From the line containing "CLOSED TO RETENTION" through the last line of the entries, output the text exactly. Pictures stay out.

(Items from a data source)
* * * *

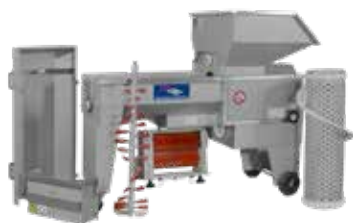
CMA - LUGANA 2R-TL
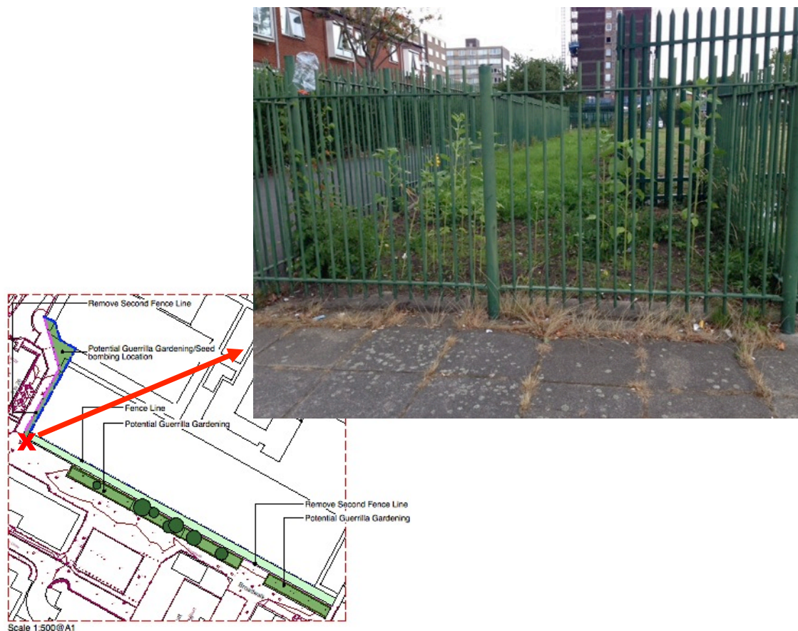
Figure 7: small guerrilla garden on the potential Guerrilla Gardening site of the Pendelton Regeneration Project
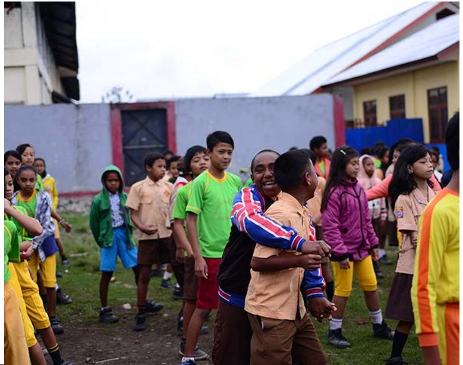
Students start the day with morning exercises in Papua.

The SDN Wamena principal agrees that child friendly schools and positive discipline have a positive impact on the students in that they enjoy being in school, are happy, and have fun learning. The students are able to express their thoughts and feelings more, and become more confident in doing so. However, a long time is needed for change. She also believes that positive discipline for East Indonesia, including Papua, needs to be adjusted for the culture. [Again, referring to the expression that is widely known, “In the tip of the stick, there is gold” -- that is, disciplining children by hitting them is good for children and will help them succeed.]
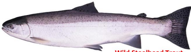
Wild Steelhead Trout

CLOSED TO RETENTION THROUGHOUT REGION 2 (LOWER MAINLAND)
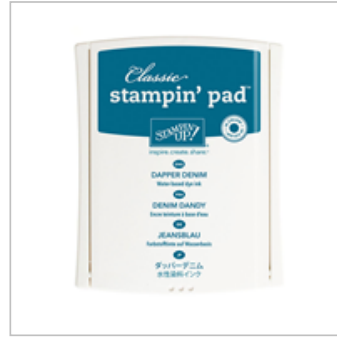
Dapper Denim Classic Stampin' Pad
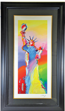
Peter Max Liberty Serigraph
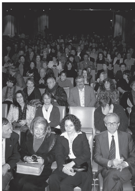
Right: Conference officials and audience at the Conference cultural event “A Tribute to Crete – Kazantzakis” presented by Greek Lyceum of S.A. Inc.
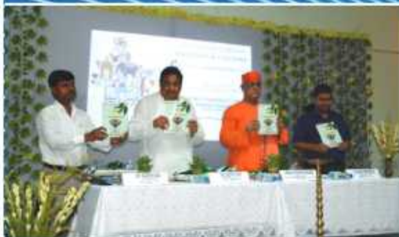
Swami Atmapriyanandaji's keynote address (In an International Seminar)
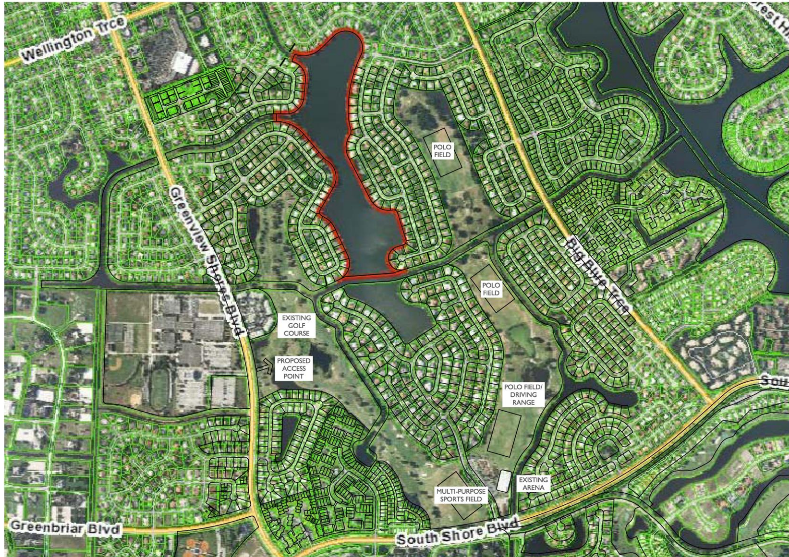
EXHIBIT C Conceptual Site Plan

WGL LAND DESIGN SERVICES DIVISION LANDSCAPE ARCHITECTURE / PLANNING / ENGINEERING / SURVEYING / EXISTING / DESIGN SERVICES 3030 Vista Parkway, West Palm Beach, FL 33411 Phone: 561.757.2222 www.wgl.com CSP No. 001-18-161-7038
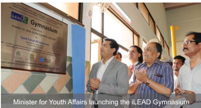
Minister for Youth Affairs launching the iLEAD Gymnasium
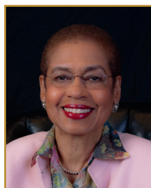
Eleanor Holmes Norton

Voting rights activist, writer and founder of Voto Latino
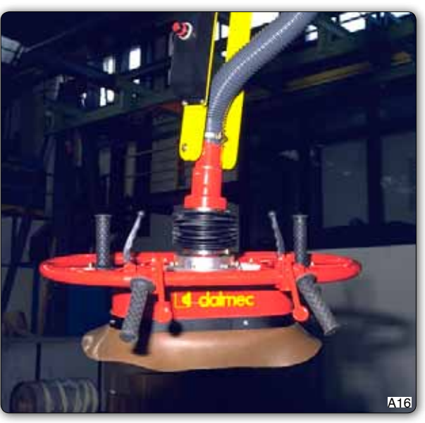
Suction cup for bags complete with rubber lip and lowered controls.
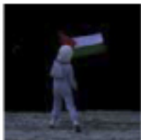
A Space Evolve, 2009, Lina Selander

Future Movements features artworks that draw inspiration from the city of Jerusalem and its changing urban structure. The exhibition takes the viewer to places outside the spiritual and holy Old City to urban locations that, despite their importance in shaping the contemporary urban city, have rarely been referenced or addressed in literature and visual art.
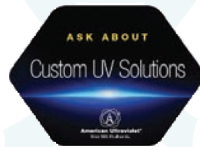
Custom UVC Solutions

* * * *

### [EXERCISE SOLUTION]
CLOSED TO RETENTION THROUGHOUT REGION 2 (LOWER MAINLAND)
Dapper Denim Classic Stampin' Pad
Peter Max Liberty Serigraph
Right: Conference officials and audience at the Conference cultural event “A Tribute to Crete – Kazantzakis” presented by Greek Lyceum of S.A. Inc.
Swami Atmapriyanandaji's keynote address (In an International Seminar)
EXHIBIT C Conceptual Site Plan

WGL LAND DESIGN SERVICES DIVISION LANDSCAPE ARCHITECTURE / PLANNING / ENGINEERING / SURVEYING / EXISTING / DESIGN SERVICES 3030 Vista Parkway, West Palm Beach, FL 33411 Phone: 561.757.2222 www.wgl.com CSP No. 001-18-161-7038
Minister for Youth Affairs launching the iLEAD Gymnasium
Eleanor Holmes Norton

Voting rights activist, writer and founder of Voto Latino
Suction cup for bags complete with rubber lip and lowered controls.
A Space Evolve, 2009, Lina Selander

Future Movements features artworks that draw inspiration from the city of Jerusalem and its changing urban structure. The exhibition takes the viewer to places outside the spiritual and holy Old City to urban locations that, despite their importance in shaping the contemporary urban city, have rarely been referenced or addressed in literature and visual art.
Custom UVC Solutions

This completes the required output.